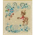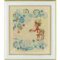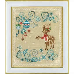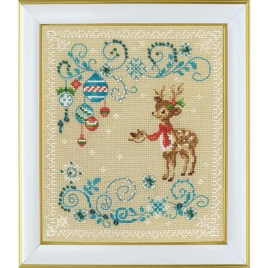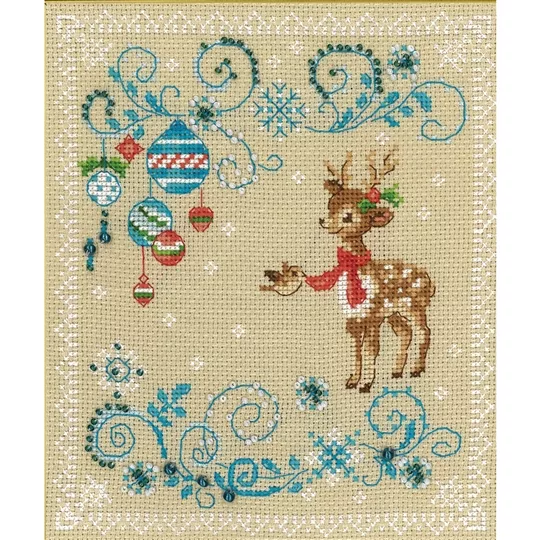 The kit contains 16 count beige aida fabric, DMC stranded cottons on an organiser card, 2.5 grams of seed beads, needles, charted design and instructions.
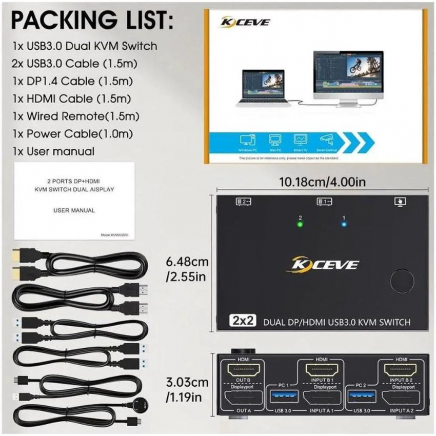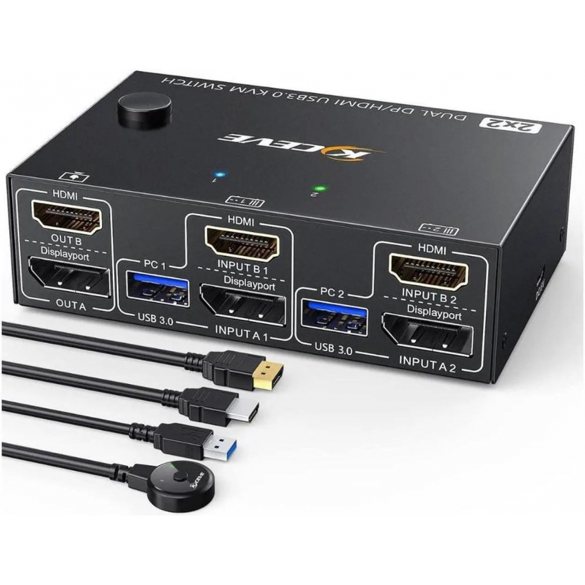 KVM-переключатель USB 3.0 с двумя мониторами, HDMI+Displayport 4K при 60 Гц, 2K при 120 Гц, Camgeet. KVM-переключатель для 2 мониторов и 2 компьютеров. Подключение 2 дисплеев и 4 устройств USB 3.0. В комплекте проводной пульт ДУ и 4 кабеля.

^^^^

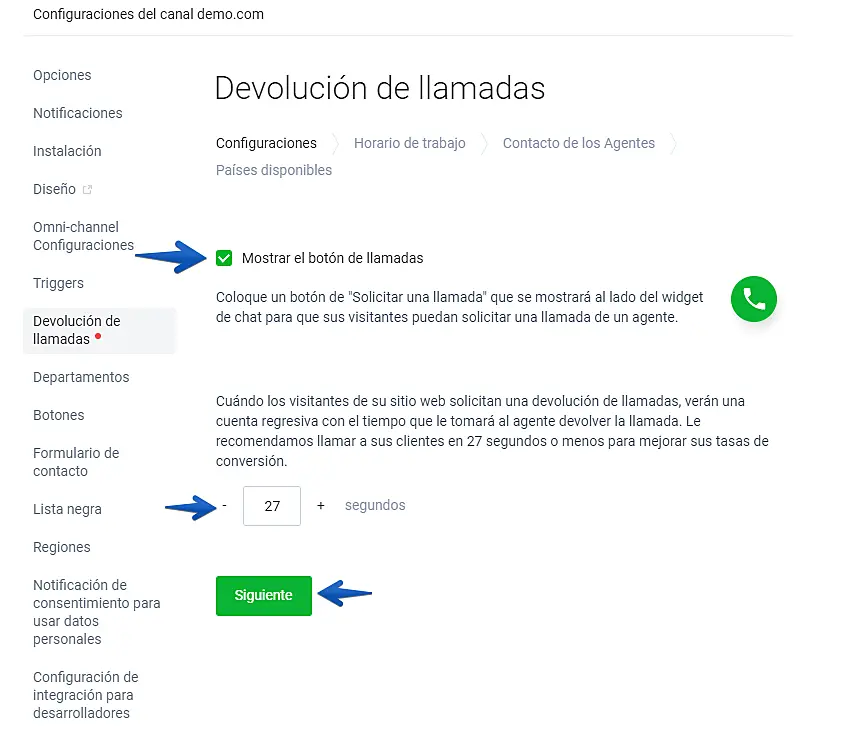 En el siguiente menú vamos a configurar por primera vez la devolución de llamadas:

^^^^

● Task objective:
Only one stretch of the material above is wanted: the line containing "The kit contains" through the line containing "KVM-переключатель USB 3.0". Restate it word for word, minus the pictures.

● Answer to this exercise:
 The kit contains 16 count beige aida fabric, DMC stranded cottons on an organiser card, 2.5 grams of seed beads, needles, charted design and instructions.
 KVM-переключатель USB 3.0 с двумя мониторами, HDMI+Displayport 4K при 60 Гц, 2K при 120 Гц, Camgeet. KVM-переключатель для 2 мониторов и 2 компьютеров. Подключение 2 дисплеев и 4 устройств USB 3.0. В комплекте проводной пульт ДУ и 4 кабеля.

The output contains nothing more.